O Corpo que Grita: Maternidade e Identidade em "Se Tivesse Pernas, Eu Te Chutaria” (2025)
Imagem Divulgação

Assisti ao filme no verão de 2026 na sala de cinema da Casa de Cultura Mário Quintana em Porto Alegre-RS. O título do filme de Mary Bronstein já estabelece, de imediato, uma ruptura com o imaginário da doçura materna. Ao declarar o impulso de um "chute", a obra retira o véu do romantismo e expõe as vísceras da exaustão. Para além de uma narrativa ficcional, o longa funciona como um estudo de caso sobre a solidão materna e a perda de autonomia no sistema contemporâneo.


Sob a ótica do feminismo e da pedagogia do acolhimento, podemos interpretar a trajetória da protagonista como o esgotamento de seu corpo. O filme utiliza o horror psicológico para mostrar que a maternidade, quando desprovida de rede de apoio, pode ser sentida como uma invasão constante: do tempo, do espaço físico e da saúde mental.
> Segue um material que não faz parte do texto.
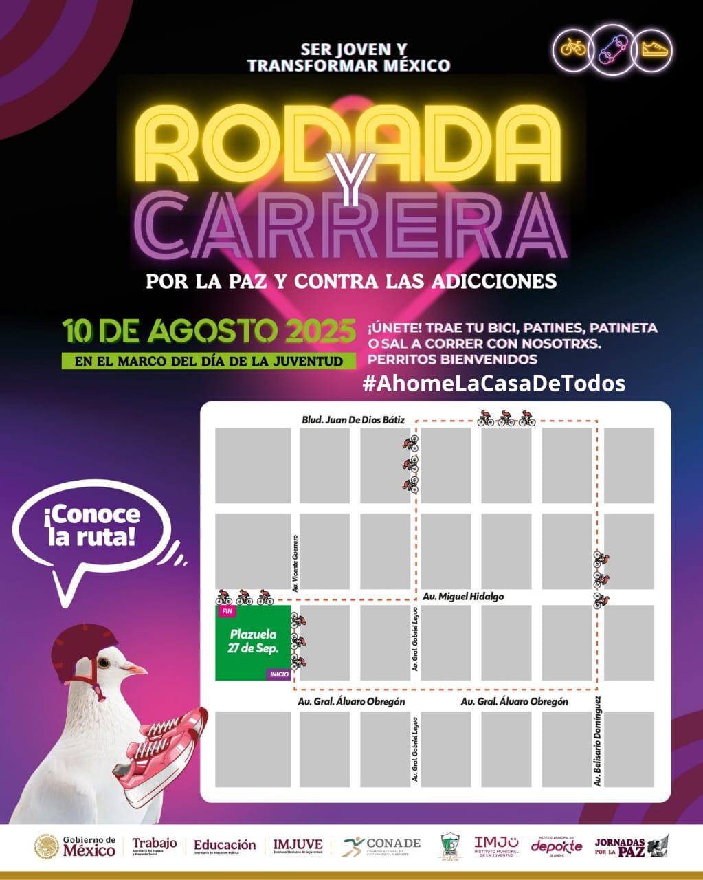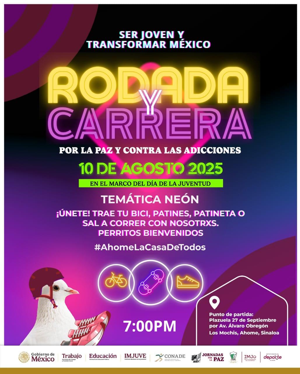 Los Mochis, Ahome, Sinaloa. –El próximo 10 de agosto el municipio de Ahome se unirá a la celebración nacional de la “Rodada y Carrera por la Paz y Contra las Adicciones”, una actividad que busca fomentar la convivencia, el deporte y la prevención de adicciones entre la juventud. El evento, impulsado por el Gobierno de México y la Presidenta Claudia Sheinbaum, a través del Instituto Mexicano de la Juventud, contará con un recorrido de seis kilómetros y la participación de ciclistas, patinadores, corredores y toda la comunidad, bajo una vibrante temática neón.
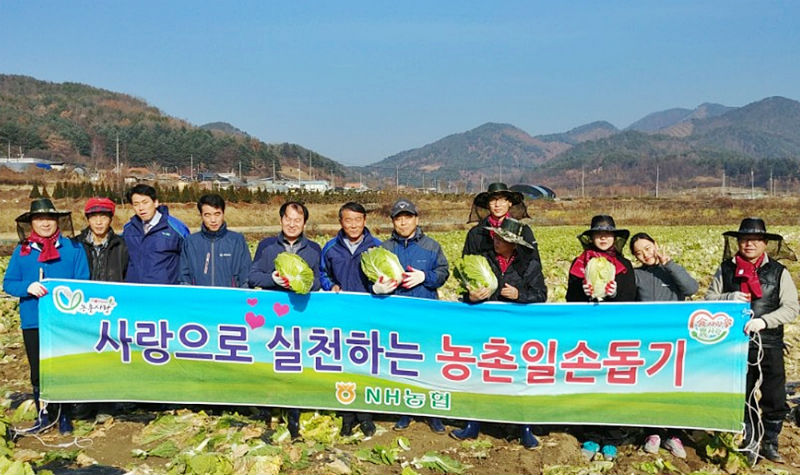 농협청주시지부(지부장 박종하)와 농협자산관리충북지사(지사장 이영용) 임직원 20여명은 29일 청주시 미원면 화원리 이병철 농가에서 수확철 일손 돕기를 위해 배추 수확 작업을 실시했다.
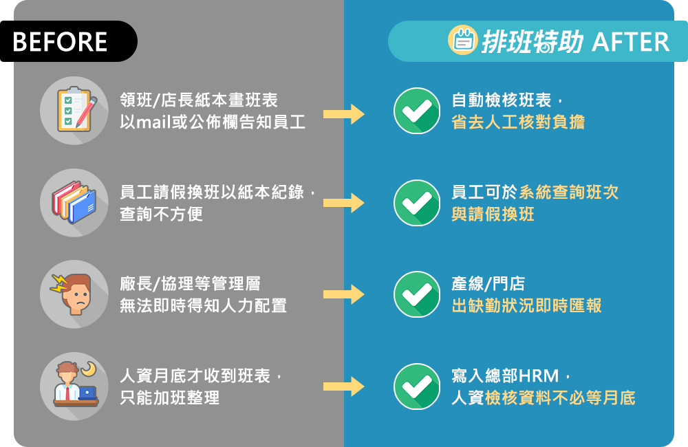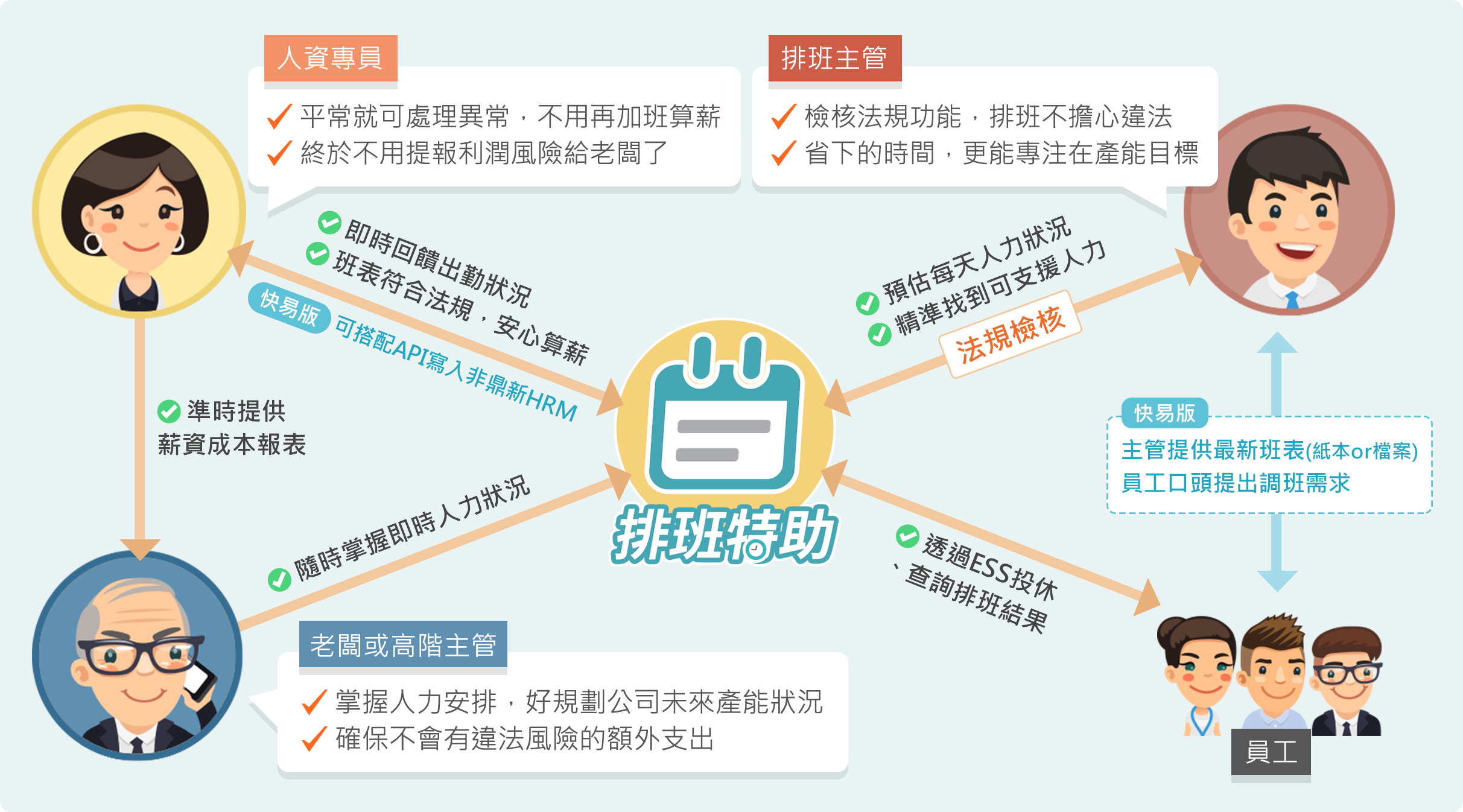 各產線能配合客戶要求快速調整班表,人資核對出缺勤只要30分鐘,計薪快狠準
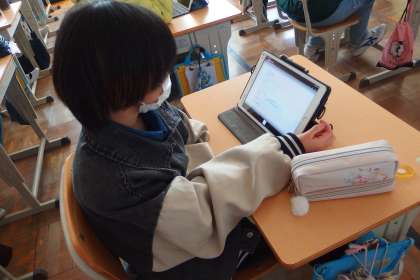 タブレットのアプリで復習をしているところです。

Essa solidão é acentuada pela estrutura familiar retratada: embora casada, a protagonista vive em um vácuo de parceria. A escolha narrativa de manter o marido ausente fisicamente durante quase toda a projeção, limitando sua presença a telefonemas que apenas interrompem o fluxo da mãe, sublinha a negligência doméstica. Quando o contato ocorre apenas pela voz, a rede de apoio se desfaz em cobranças distantes, deixando a mulher no epicentro do caos.




A exaustão retratada não é apenas física; é uma crise de identidade. O "instinto materno", tantas vezes usado como justificativa social para o sacrifício feminino, é aqui desconstruído. O filme nos lembra que, antes de ser cuidadora, existe uma mulher cujas ferramentas de suporte estão sendo testadas ao limite pelas pressões sistêmicas e pela omissão de quem deveria dividir o peso.


A direção utiliza o ambiente doméstico como um espaço claustrofóbico, ecoando o silenciamento que muitas mulheres enfrentam. Na educação e na gestão de políticas públicas, falamos frequentemente sobre a importância da escuta ativa, mas o filme nos confronta com uma realidade onde o grito da mãe não é ouvido, e o marido, que surge fisicamente apenas no final, representa a chegada tardia de um sistema que ignora o processo do colapso.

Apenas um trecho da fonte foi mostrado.